[Task inputs]
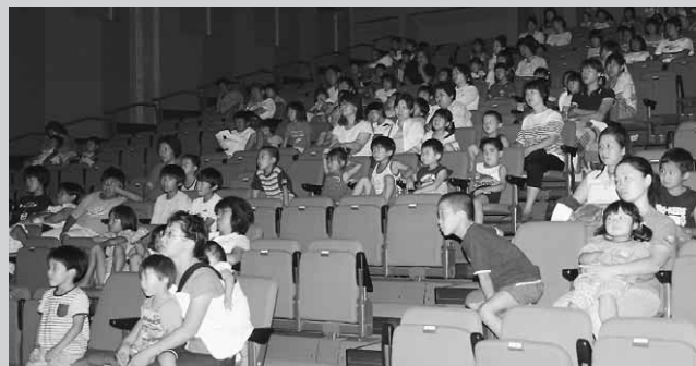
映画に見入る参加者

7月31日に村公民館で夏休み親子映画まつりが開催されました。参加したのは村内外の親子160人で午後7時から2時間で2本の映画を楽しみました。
==
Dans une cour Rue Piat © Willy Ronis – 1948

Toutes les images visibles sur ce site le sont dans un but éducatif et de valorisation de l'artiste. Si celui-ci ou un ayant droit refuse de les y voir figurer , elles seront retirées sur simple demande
* * *
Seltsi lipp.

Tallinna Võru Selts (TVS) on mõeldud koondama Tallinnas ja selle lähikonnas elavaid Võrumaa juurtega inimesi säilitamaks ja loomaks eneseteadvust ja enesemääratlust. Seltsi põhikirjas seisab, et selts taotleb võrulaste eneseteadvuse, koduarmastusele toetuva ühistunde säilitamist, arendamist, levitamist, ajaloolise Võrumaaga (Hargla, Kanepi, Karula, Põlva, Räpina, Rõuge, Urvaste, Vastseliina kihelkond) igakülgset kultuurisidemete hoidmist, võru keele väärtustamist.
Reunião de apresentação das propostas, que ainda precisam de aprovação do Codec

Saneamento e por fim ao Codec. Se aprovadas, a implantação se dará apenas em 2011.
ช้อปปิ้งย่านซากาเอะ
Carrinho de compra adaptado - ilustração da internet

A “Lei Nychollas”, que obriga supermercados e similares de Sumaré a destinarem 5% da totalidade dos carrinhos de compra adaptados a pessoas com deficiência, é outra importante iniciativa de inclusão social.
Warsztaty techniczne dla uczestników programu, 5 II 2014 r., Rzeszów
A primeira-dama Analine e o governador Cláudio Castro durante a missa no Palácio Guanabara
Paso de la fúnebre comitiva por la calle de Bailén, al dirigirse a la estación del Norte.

[Work to be completed]
How many lines in the records above hold the word "Seltsi"? Give only the number.

[Answer section]
2